The participants were randomly allocated to either the Consensus condition (n = 1,050) or Control condition (n = 1,051) in wave 0. In the Consensus condition, they were provided with a summary of the survey among medical doctors, including three charts that displayed the distribution of doctors’ responses regarding their trust in the vaccines, willingness to get vaccinated themselves and intentions to recommend the vaccine to patients. In the Control condition, the participants did not receive any information about the survey of medical doctors and only filled the regular part of the longitudinal survey.

In all 12 waves, we asked whether respondents got vaccinated against COVID-19. The main outcome variable ‘vaccinated’ is equal to one if the respondent reported having obtained at least one dose of a vaccine against COVID-19. We also elicited prior beliefs on the views of doctors about the vaccines in wave 0 shortly before the information intervention, and posterior beliefs in wave 1 2 weeks afterwards.

Extended Data Table 1 and Supplementary Table 3 show no systematic differences in the set of baseline characteristics pre-registered as control variables. Nevertheless, because the randomization was not stratified on baseline covariates, there are random imbalances in some covariates, as expected. Some of the larger differences are for variables not included in the set of pre-registered control variables. Specifically, before the intervention, compared to participants in the Control condition, the individuals in the Consensus condition were slightly less likely to be vaccinated themselves (standardized mean difference (SMD) = 0.069), and expected a smaller percentage of doctors to trust the vaccine (SMD = 0.072) or to intend to get vaccinated (SMD = 0.090). As these three variables are highly predictive of vaccination uptake, we report two main regression specifications: (1) with the pre-registered set of control variables, and (2) with control variables selected by the LASSO procedure29. To document robustness, we also report estimates with no control variables and with alternative sets of control variables.

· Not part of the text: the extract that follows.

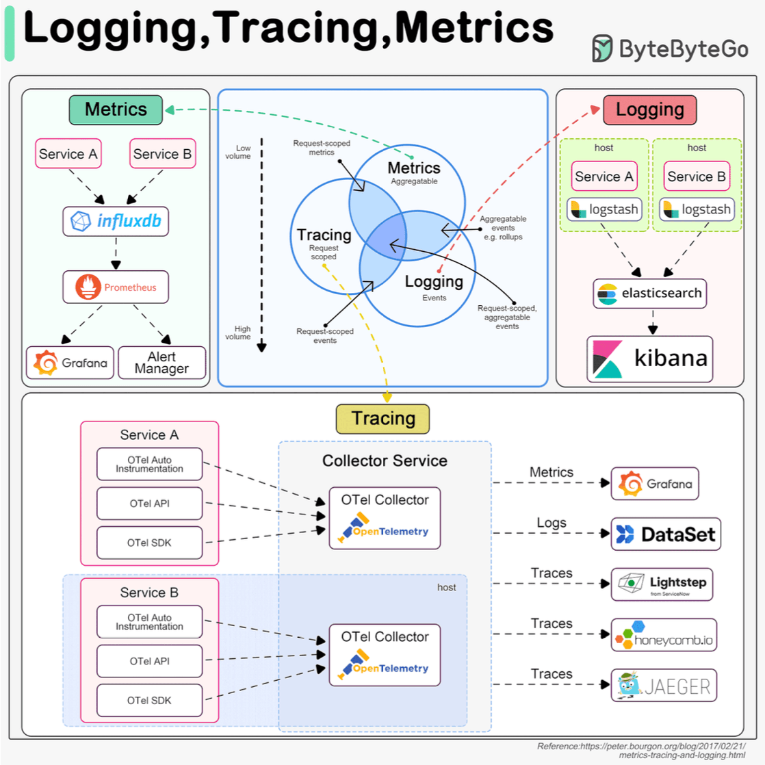 - Frameworks like OpenTelemetry aim to unify the collection and management of metrics, logs, and traces.

Misperceptions about doctors’ views

To quantify misperceptions about the views of doctors on COVID-19 vaccines, we compared the prior beliefs of participants about doctors’ views, measured before the intervention, with the actual views of the doctors from the CMC survey. We found strong evidence of misperceptions. The average, median and modal guesses are that 57%, 60% and 50% of doctors, respectively, want to be vaccinated (Fig. 2a), whereas in reality 90% of doctors do. The average, median and modal guesses about the percentage of doctors who trust the vaccines are 61%, 62% and 50%, respectively (Fig. 2b), whereas in practice 89% of doctors report trusting the vaccines. A vast majority of participants underestimate the percentage of doctors who want to be vaccinated (90%) and those who trust the vaccines (88%).

figure 2
Fig. 2: Perceptions of doctors’ views on COVID-19 vaccines.

The distribution of beliefs reveals that the large underestimation does not originate in two distinct groups of participants holding opposite views of the medical consensus—one group thinking that most doctors have positive views about the vaccines and the other group thinking that most doctors are skeptical about them. Instead, most people expect a wide diversity of attitudes across individual doctors. Of participants, 81% believe that the percentage of doctors who want to be vaccinated is between 20% and 80%. For beliefs about doctors’ trust in the vaccines, this number is 76%. Furthermore, these misperceptions are widespread across all demographic groups based on age, gender, education, income and geographical regions (Supplementary Table 4).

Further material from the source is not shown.